次のロールではたしかアウトのブロットをクリアーできずにその代わりに自分のバーポイントの駒をベアインさせたと思います。(記憶がおぼろげです。)とにかくダイレクトショットと残す勝負手を避けたと覚えてます。さて私がダイスを取り上げた次の瞬間、Joe は何を思ったか

リダブル 8キューブ!!!

私は一瞬「さっきリダブルした時にスコアを勘違いしたか?」と思い、再度私のスコアシートを確認しますが、間違いありません。8-3 です。

その場で観戦していた Timothy Jaxson (BGBB のメンバーの一人。GamesGrid/FIBS では "StrangeLuck")はこのマッチのあと、「あの(Joe)のリダブルはとんでもないエラーだ」と言っていましたから、私がなにか勘違いしていた訳ではなさそうです。
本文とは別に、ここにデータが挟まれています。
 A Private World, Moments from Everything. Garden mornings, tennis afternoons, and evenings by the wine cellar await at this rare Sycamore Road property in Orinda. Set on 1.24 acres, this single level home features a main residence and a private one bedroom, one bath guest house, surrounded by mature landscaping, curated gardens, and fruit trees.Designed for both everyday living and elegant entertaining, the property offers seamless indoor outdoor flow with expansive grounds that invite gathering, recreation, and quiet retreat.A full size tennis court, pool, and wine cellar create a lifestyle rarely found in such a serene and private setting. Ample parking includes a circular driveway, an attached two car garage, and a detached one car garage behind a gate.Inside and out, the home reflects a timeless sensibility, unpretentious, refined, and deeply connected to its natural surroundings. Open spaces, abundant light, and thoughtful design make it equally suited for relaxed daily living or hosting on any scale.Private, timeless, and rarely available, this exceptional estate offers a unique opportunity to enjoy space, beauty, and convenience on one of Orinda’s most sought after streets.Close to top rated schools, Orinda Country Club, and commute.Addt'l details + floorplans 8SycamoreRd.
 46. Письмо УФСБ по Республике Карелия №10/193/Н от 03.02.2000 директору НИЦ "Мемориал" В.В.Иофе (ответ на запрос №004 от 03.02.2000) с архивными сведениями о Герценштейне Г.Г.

もちろんテイクするしかありません。つまらない事故で8点失って逆転されるのはいやですが、無事にアウトフィールドのブロットをクリアすれば後は楽勝で、マッチも勝ってファイナリストです。その後何の目を出したか覚えてませんが、ごく普通にこのゲーム、すなわちマッチを勝ち取りました。
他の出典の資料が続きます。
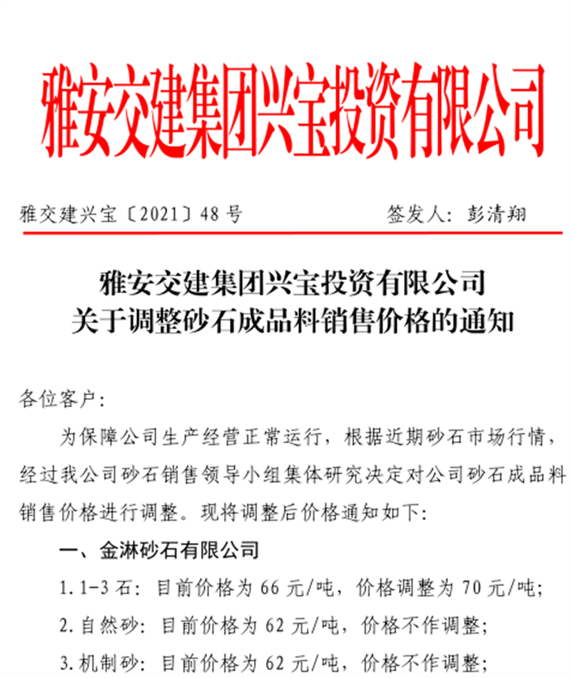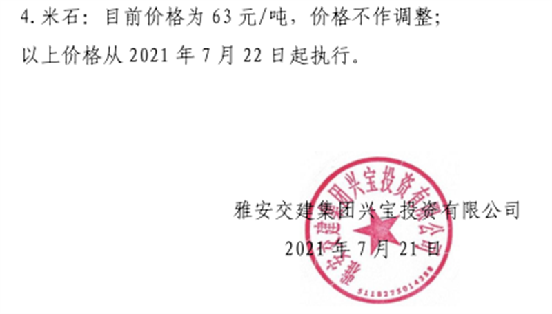 亿万先生MR集团兴宝公司砂石骨料销售价格情况表(2021.7.22)

なぜ Joe があのような奇妙なリダブルをしたのか考えてみました。ここまで勝ち進んできた彼のことです、このリダブルが正しくなかったことはきっと承知の上でしょう。
 1. もうこのトーナメントでは善戦したので贅沢言うまい。
 2. ここまでリードされてから逆転するのはどの道簡単ではない。楽に勝てるならそれでいこう。
 3. 観戦者も一人しかいないことだし、バカをするなら今しかない。
 4. ここは Las Vegas だ。ギャンブルしないでどうする。
まあ、こんなところじゃないでしょうか。
 

というわけで、あっさりと決勝進出を決めました。


Lise-Guy (セミファイナル)戦「見ないでもらえる?」

比較的短時間で決着のついたセミファイナルが終わって会場を見渡してみると、あの「Lise のボーイフレンド」氏がすぐ横で観戦している試合がありました。彼の隣にいる実際にプレーをしている若い女性が「Lise のボーイフレンド」氏のガールフレンドの Lise さんでしょう。わくわくしながら試合を覗きにいきますと、Lise が私の方を見上げて、(これが初対面だったんですが、彼女はすでに私が誰であるのか知っていたようです。ボーイフレンド氏が耳打ちしたのかもしれませんが。)

「悪いけど、観戦しないでもらえる?すこしでもそちらが有利になるかもしれないから。」

と観戦を拒否されてしまいました。Very シリアスです。観戦拒否はバックギャモンを始めて1年でこれが始めてです。このエッセイを書いている時点でも、これが私が経験した唯一の観戦拒否です。二日前に私が対戦した Jerry とはまったく正反対の対応なのも面白いと思います。

上の彼女の言葉の裏をかえしてみれば、彼女はこの時点でもうこのセミファイナルのマッチには勝って決勝に進出するつもりでいたのでしょう。事実そうなることになりますが、相当の実力者ということでしょうか。明日が楽しみになってきました。